Return an exact copy of the data, starting at its first line and ending at the line that contains "在勞務(wù)考勤中,記錄的", minus any pictures.

Content starts

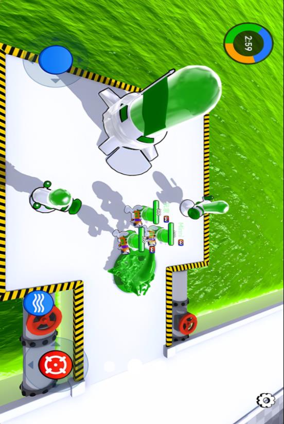 1、进入游戏后,你可以利用虚拟摇杆操控着战士移动,然后将敌人的炮塔也染成自己的颜色。
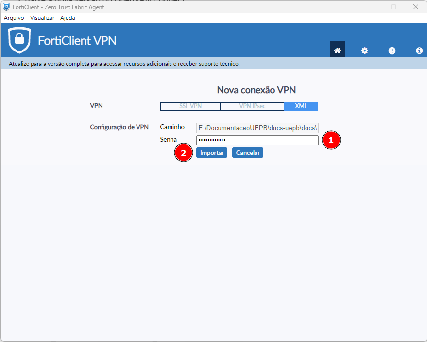 Na página que abre clique em "XML" e depois em "+ Importar Configuração XML"
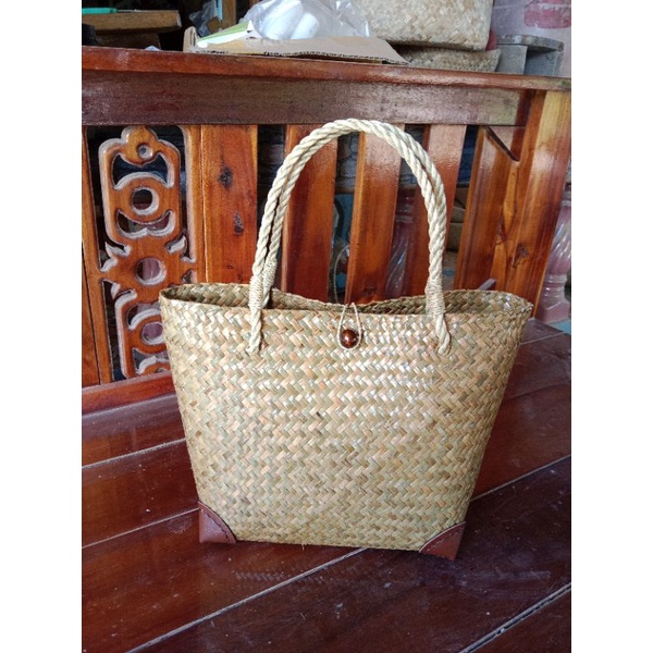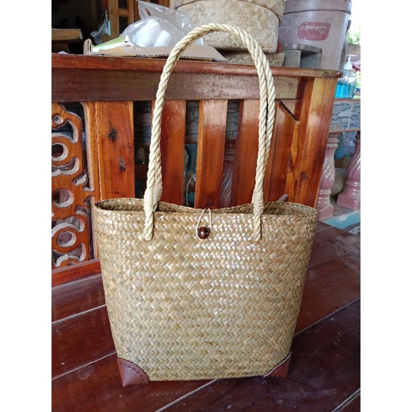 กระเป๋าสานกระจูดแบบฐานทรงญาญ่าใส่มุม
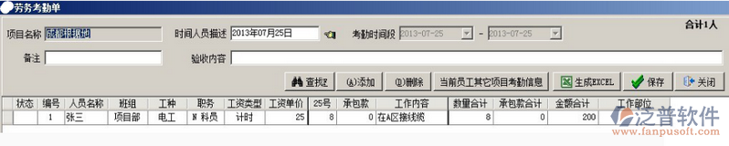 在勞務(wù)考勤中,記錄的內(nèi)容主要包括:當(dāng)前日期的出勤情況、工作內(nèi)容。如下圖所示:?jiǎn)T工張三在7月25日,考勤數(shù)為8,工作內(nèi)容為,在A區(qū)接線纜。他的工資類(lèi)型屬于計(jì)時(shí),所以8代表8小時(shí),他當(dāng)天的工資為:25乘以8=200。除正常的考勤外還有承包款一項(xiàng),一般是記錄員工當(dāng)天的補(bǔ)助或加班費(fèi)等。
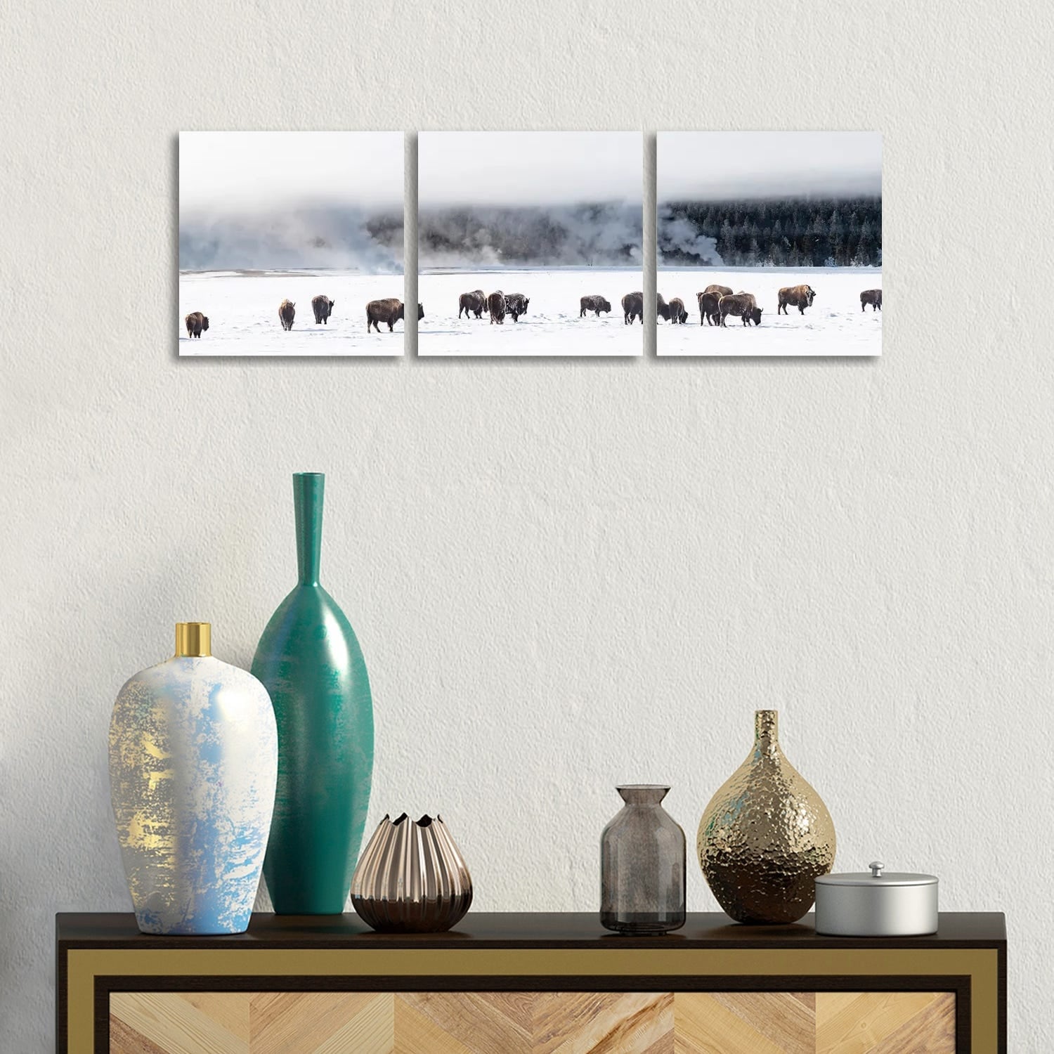 iCanvas "Bison Herd, Fountain Flats, Yellowstone National Park, Wyoming, USA" by Panoramic Images 3-Piece Canvas Wall Art Set

Content ends

TASK RESPONSE
 1、进入游戏后,你可以利用虚拟摇杆操控着战士移动,然后将敌人的炮塔也染成自己的颜色。
 Na página que abre clique em "XML" e depois em "+ Importar Configuração XML"
 กระเป๋าสานกระจูดแบบฐานทรงญาญ่าใส่มุม
 在勞務(wù)考勤中,記錄的內(nèi)容主要包括:當(dāng)前日期的出勤情況、工作內(nèi)容。如下圖所示:?jiǎn)T工張三在7月25日,考勤數(shù)為8,工作內(nèi)容為,在A區(qū)接線纜。他的工資類(lèi)型屬于計(jì)時(shí),所以8代表8小時(shí),他當(dāng)天的工資為:25乘以8=200。除正常的考勤外還有承包款一項(xiàng),一般是記錄員工當(dāng)天的補(bǔ)助或加班費(fèi)等。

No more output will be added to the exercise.